WHAT IS EXPECTED:
Below are records to be repeated exactly. Leave their pictures behind.

RECORDS PROVIDED:
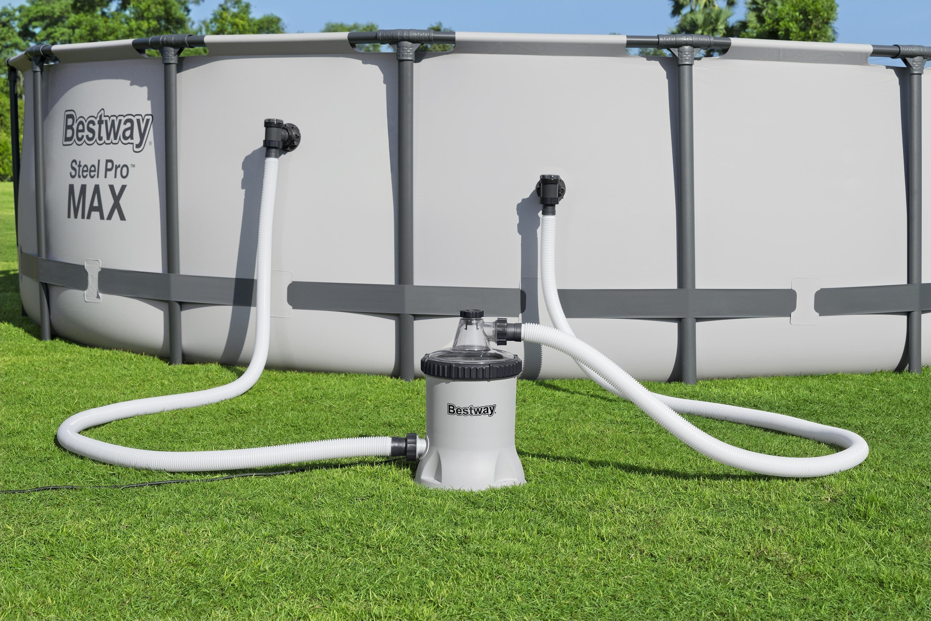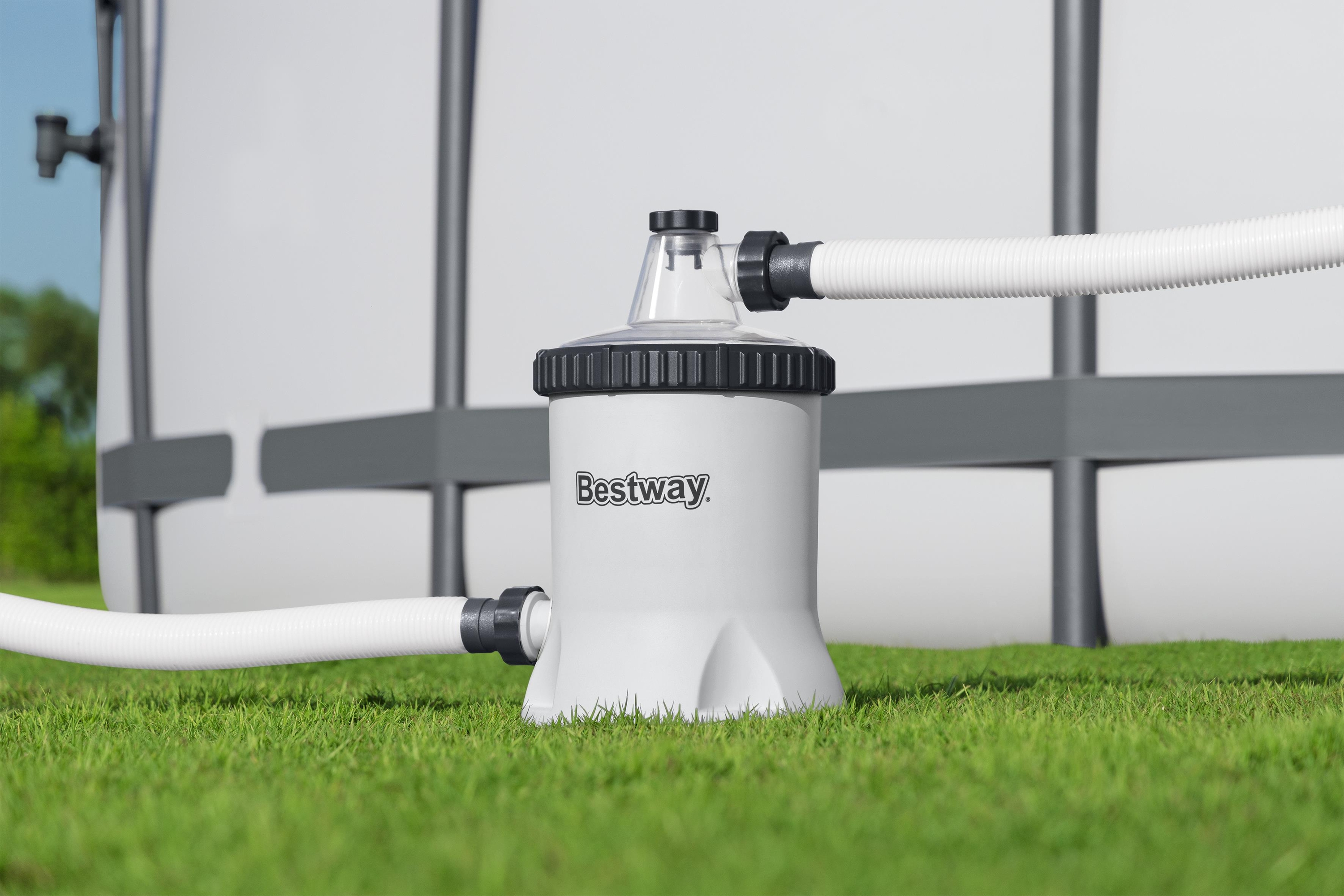 Technische Daten: 220-240 V, 12 V Trafo, 110 W, Schutzklasse II, auch geeignet für den Betrieb in DE / NL / BE / LU Pumpenleistung: 5.678 l/h Durchflussrate: 3.974 l/h Ø 38-mm-Anschluss Für Poolgrößen von 1.100-31.700 Liter GS-zertifizier
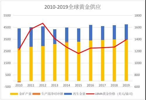 全球黄金供应量,从2016年开始有所上升,2019年达到4776吨,比2018年增加约220吨,年度黄金供应总量明显高于黄金需求总量。但是从结构上看,全球金矿产量增长缓慢,一直保持在每年3500吨以内,10年年均增幅2.62%,十大黄金生产国中,中国、秘鲁、南非、墨西哥连续几年减产,澳大利亚、俄罗斯、美国连续增产;再生金供应量增长比较快,从此前的每年1100吨上下增加到2019年的1300吨以上,2019年较2018年增长10.88%。
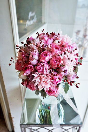お母さまのお誕生日の贈り花です。マムが大好きと伺い、透明感のある美しいピンクのマム‘セイオペラ’をメインに選び、ピンクのケイトウ、淡い紫色のバラ、かわいらしい実のシンフォリカルポスなどと合わせ、秋の大人ピンクのアレンジに。
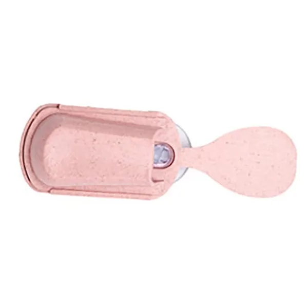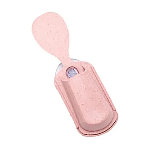 Dette køkkenske-opbevaringsstativ er lavet af hvedemateriale, hvilket sikrer, at det er sundt og miljøvenligt. Denne racks stærke adsorptionsegenskab gør den fast og forhindrer let at falde af. Den er nem at rengøre, uden nogen speciel lugt og kan bruges til forskellige formål. Sugekopdesignet gør det nemt at klæbe til glatte overflader som keramik og riskogere. Med en bred opbevaringsåbning kan den rumme de fleste skeer og gafler med håndtag.
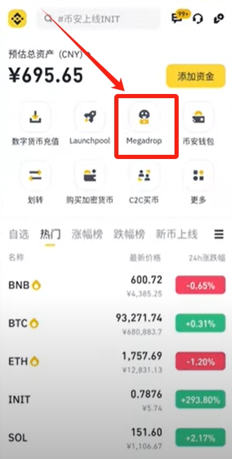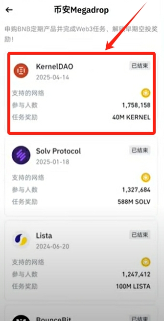 这里面就利用到了我们币安存定期来获得积分,就能够换算成空投的奖励了。我们仍旧在币安交易所里面找到Mega drop。
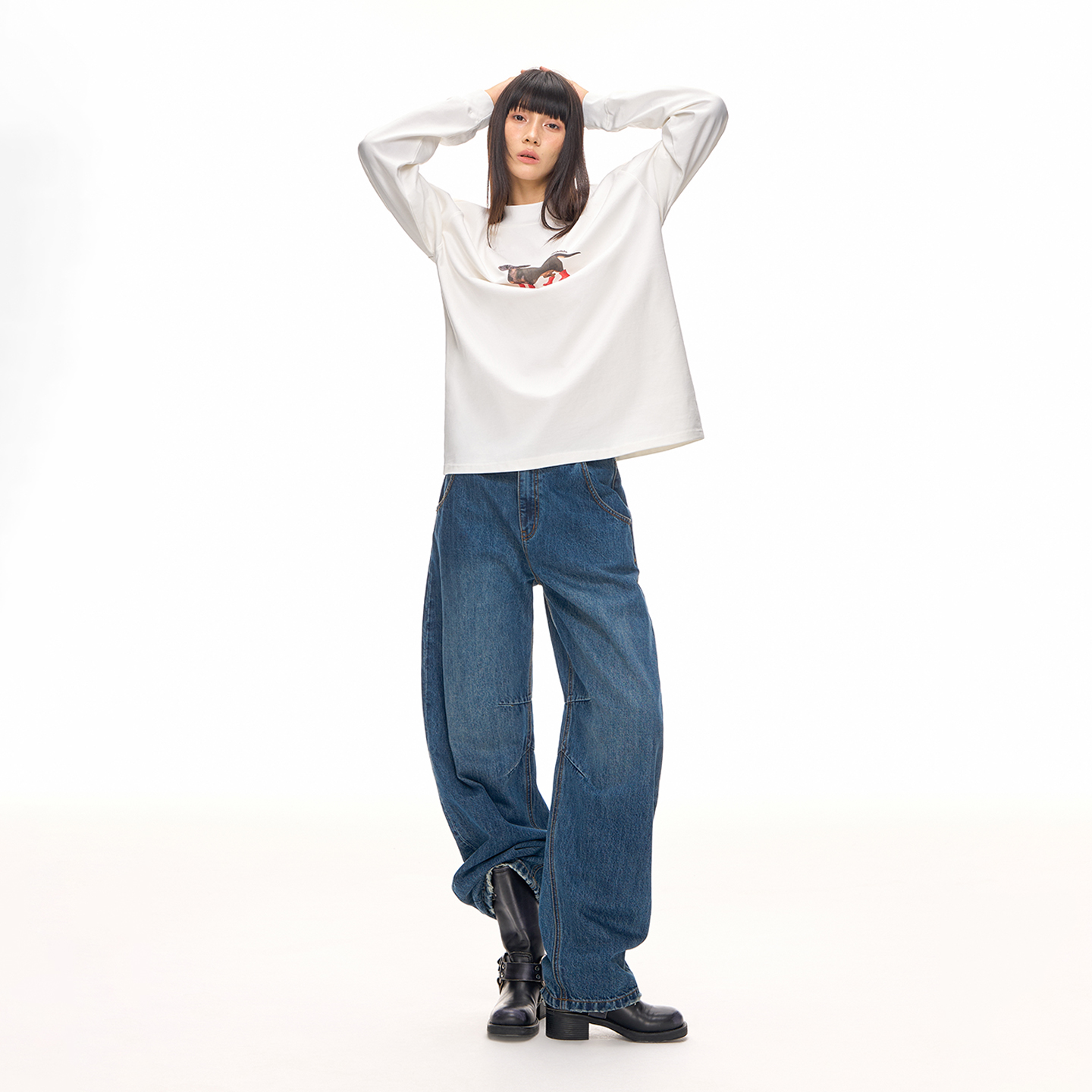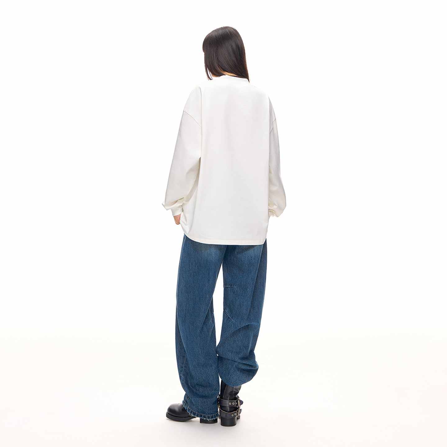 白色打底衫 秋冬季 潮流字母上衣服A t恤男2025新款 班尼路双面绒长袖
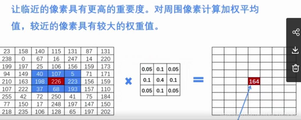 如图:如果我们想对红色点进行处理,则它新值等于周围N乘N个像素点的平均(包括自身)
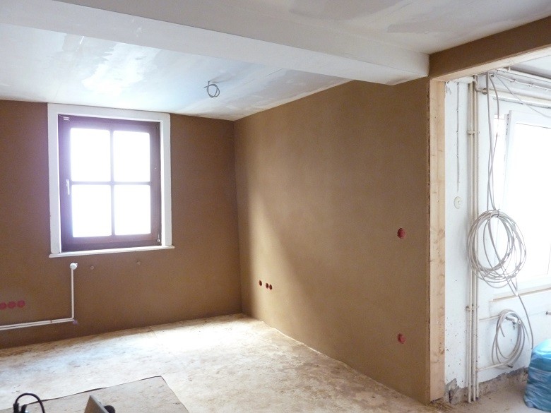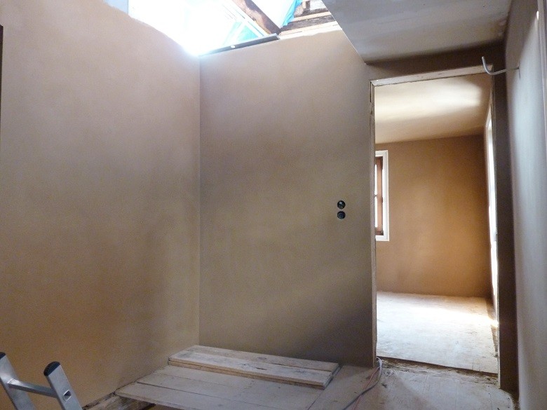 Die erste Putzschicht aus Lehm-Unterputz diente als Ausgleichsschicht, um Fehlstellen und großflächige Unebenheiten in der Wandfläche zu egalisieren.

TASK SOLUTION:
 Technische Daten: 220-240 V, 12 V Trafo, 110 W, Schutzklasse II, auch geeignet für den Betrieb in DE / NL / BE / LU Pumpenleistung: 5.678 l/h Durchflussrate: 3.974 l/h Ø 38-mm-Anschluss Für Poolgrößen von 1.100-31.700 Liter GS-zertifizier
 全球黄金供应量,从2016年开始有所上升,2019年达到4776吨,比2018年增加约220吨,年度黄金供应总量明显高于黄金需求总量。但是从结构上看,全球金矿产量增长缓慢,一直保持在每年3500吨以内,10年年均增幅2.62%,十大黄金生产国中,中国、秘鲁、南非、墨西哥连续几年减产,澳大利亚、俄罗斯、美国连续增产;再生金供应量增长比较快,从此前的每年1100吨上下增加到2019年的1300吨以上,2019年较2018年增长10.88%。
お母さまのお誕生日の贈り花です。マムが大好きと伺い、透明感のある美しいピンクのマム‘セイオペラ’をメインに選び、ピンクのケイトウ、淡い紫色のバラ、かわいらしい実のシンフォリカルポスなどと合わせ、秋の大人ピンクのアレンジに。
 Dette køkkenske-opbevaringsstativ er lavet af hvedemateriale, hvilket sikrer, at det er sundt og miljøvenligt. Denne racks stærke adsorptionsegenskab gør den fast og forhindrer let at falde af. Den er nem at rengøre, uden nogen speciel lugt og kan bruges til forskellige formål. Sugekopdesignet gør det nemt at klæbe til glatte overflader som keramik og riskogere. Med en bred opbevaringsåbning kan den rumme de fleste skeer og gafler med håndtag.
 这里面就利用到了我们币安存定期来获得积分,就能够换算成空投的奖励了。我们仍旧在币安交易所里面找到Mega drop。
 白色打底衫 秋冬季 潮流字母上衣服A t恤男2025新款 班尼路双面绒长袖
 如图:如果我们想对红色点进行处理,则它新值等于周围N乘N个像素点的平均(包括自身)
 Die erste Putzschicht aus Lehm-Unterputz diente als Ausgleichsschicht, um Fehlstellen und großflächige Unebenheiten in der Wandfläche zu egalisieren.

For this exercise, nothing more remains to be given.